§ **Your goal**
Give back every line of the material below exactly, but no images.

§ **Data excerpt**
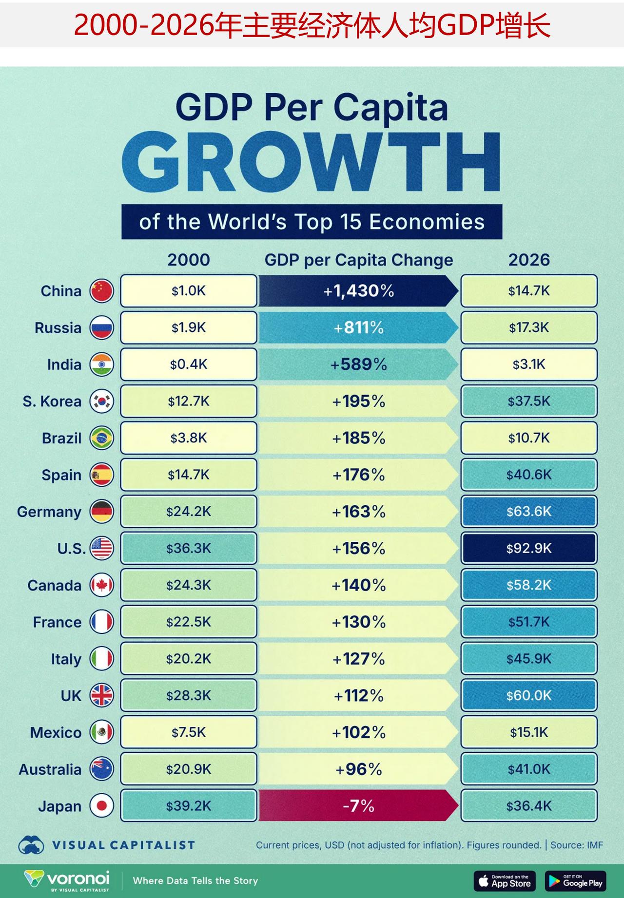 2000-2026年主要经济体人均GDP增长分化:新兴市场领跑,日本独现下滑 过去25年间,全球主要经济体的人均经济产出增速呈现出显著差异。 下面图表基于国际货币基金组织(IMF)数据,梳理了2000至2026年15个主要经济体的人均GDP增长情况,清晰呈现了哪些国家的民众生活水平提升最为显著。 数据显示出鲜明的分化特征:中国、印度等新兴市场国家人均产出实现快速增长,而发达经济体增速相对放缓、走势更不均衡,其中日本成为唯一人均GDP出现下滑的主要经济体。 ——过去四分之一世纪的不均衡增长 在主要经济体中,中国的增速遥遥领先,人均GDP从2000年的约1000美元攀升至2026年的1.47万美元,增幅达1430%。 这意味着按百分比计算,中国的人均产出增量超过其他任何主要经济体,从根本上重塑了其在全球中产阶层中的地位。印度同样实现了大幅增长,人均GDP从400美元升至3100美元,是全球人均GDP涨幅最显著的国家之一。 俄罗斯人均GDP增长811%,在1998年金融危机后实现了强劲的经济复苏。 2000年前后,俄罗斯在经历数十年石油产量下滑后开始大幅提升石油开采规模,成为推动经济复苏的核心动力。2000年其能源资产国有化比例约为10%,但在不到十年内飙升至近50%。 与此同时,凭借制造业实力,韩国人均GDP增长逾两倍,达到3.75万美元。2000年以来,韩国完成了从新兴市场到发达经济体的转型,当前人均GDP已超过日本。 类似地,在21世纪初大宗商品繁荣的推动下,巴西人均GDP实现显著增长,不过随后十年增速有所放缓。 ——发达经济体增长放缓 尽管富裕国家的增速相对低于发展中市场,但发达经济体内部也出现了明显差距。 总体而言,西班牙增速最快,人均GDP增长176%。2025年,在国内消费与旅游业的支撑下,其经济增速几乎达到欧元区国家的两倍。 德国人均GDP增长163%,甚至超过美国156%的增幅。但与西班牙不同的是,受出口疲软影响,德国近期经济增长陷入低迷。 日本是唯一主要经济体中人均GDP较2000年更低的国家。受低通胀、人口增长放缓以及长期经济停滞等因素共同影响,日本当前人均GDP较2000年已下降7%。
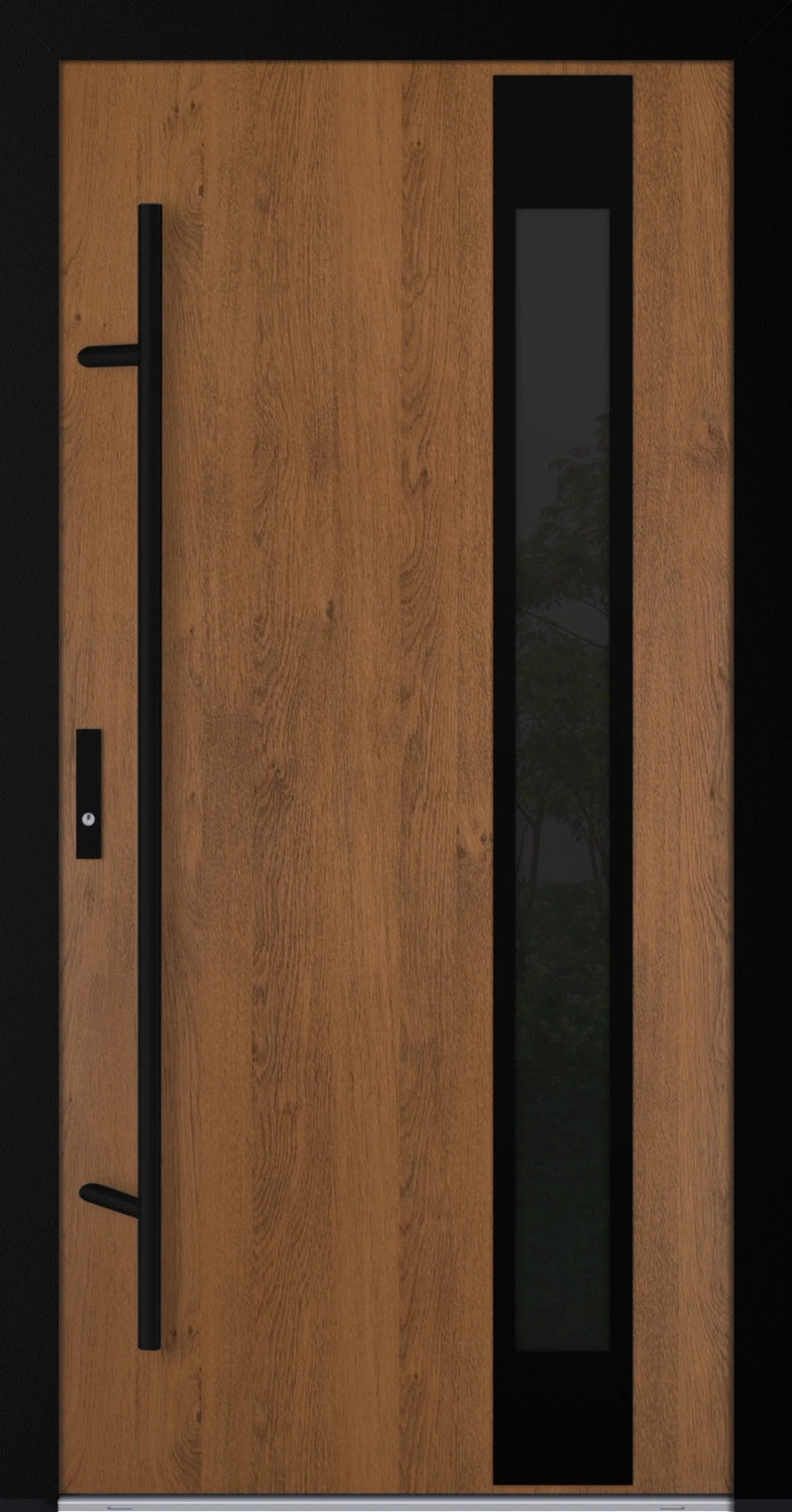 • Drzwi zewnętrzne stalowe z czarną ramą aluminiową do domów jednorodzinnych i wielorodzinnych. Dostępne w standardowych wymiarach, kilku kolorach oraz wielu modelach przeszkleń. Możliwość wyposażenia w dostawkę boczną i górną.
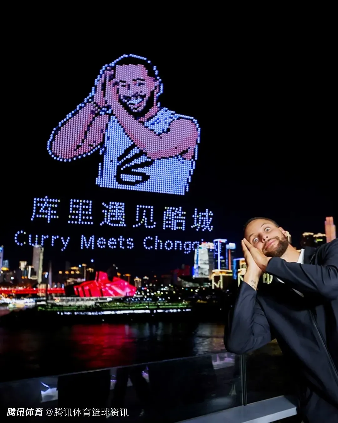 库里还举办训练营,指导中美年轻球员,个人连中25记三分球。18日晚,库里结束篮球训练营后,前往重庆市规划展览馆观看近半小时无人机表演,5000 架无人机组成篮球入筐、动漫形象模仿其 “晚安” 庆祝动作等场景。库里现场模仿该动作并开怀大笑,还惊叹表演 “疯狂”,感慨感受到大家的热情。

§ **Solution to the exercise**
 2000-2026年主要经济体人均GDP增长分化:新兴市场领跑,日本独现下滑 过去25年间,全球主要经济体的人均经济产出增速呈现出显著差异。 下面图表基于国际货币基金组织(IMF)数据,梳理了2000至2026年15个主要经济体的人均GDP增长情况,清晰呈现了哪些国家的民众生活水平提升最为显著。 数据显示出鲜明的分化特征:中国、印度等新兴市场国家人均产出实现快速增长,而发达经济体增速相对放缓、走势更不均衡,其中日本成为唯一人均GDP出现下滑的主要经济体。 ——过去四分之一世纪的不均衡增长 在主要经济体中,中国的增速遥遥领先,人均GDP从2000年的约1000美元攀升至2026年的1.47万美元,增幅达1430%。 这意味着按百分比计算,中国的人均产出增量超过其他任何主要经济体,从根本上重塑了其在全球中产阶层中的地位。印度同样实现了大幅增长,人均GDP从400美元升至3100美元,是全球人均GDP涨幅最显著的国家之一。 俄罗斯人均GDP增长811%,在1998年金融危机后实现了强劲的经济复苏。 2000年前后,俄罗斯在经历数十年石油产量下滑后开始大幅提升石油开采规模,成为推动经济复苏的核心动力。2000年其能源资产国有化比例约为10%,但在不到十年内飙升至近50%。 与此同时,凭借制造业实力,韩国人均GDP增长逾两倍,达到3.75万美元。2000年以来,韩国完成了从新兴市场到发达经济体的转型,当前人均GDP已超过日本。 类似地,在21世纪初大宗商品繁荣的推动下,巴西人均GDP实现显著增长,不过随后十年增速有所放缓。 ——发达经济体增长放缓 尽管富裕国家的增速相对低于发展中市场,但发达经济体内部也出现了明显差距。 总体而言,西班牙增速最快,人均GDP增长176%。2025年,在国内消费与旅游业的支撑下,其经济增速几乎达到欧元区国家的两倍。 德国人均GDP增长163%,甚至超过美国156%的增幅。但与西班牙不同的是,受出口疲软影响,德国近期经济增长陷入低迷。 日本是唯一主要经济体中人均GDP较2000年更低的国家。受低通胀、人口增长放缓以及长期经济停滞等因素共同影响,日本当前人均GDP较2000年已下降7%。
 • Drzwi zewnętrzne stalowe z czarną ramą aluminiową do domów jednorodzinnych i wielorodzinnych. Dostępne w standardowych wymiarach, kilku kolorach oraz wielu modelach przeszkleń. Możliwość wyposażenia w dostawkę boczną i górną.
 库里还举办训练营,指导中美年轻球员,个人连中25记三分球。18日晚,库里结束篮球训练营后,前往重庆市规划展览馆观看近半小时无人机表演,5000 架无人机组成篮球入筐、动漫形象模仿其 “晚安” 庆祝动作等场景。库里现场模仿该动作并开怀大笑,还惊叹表演 “疯狂”,感慨感受到大家的热情。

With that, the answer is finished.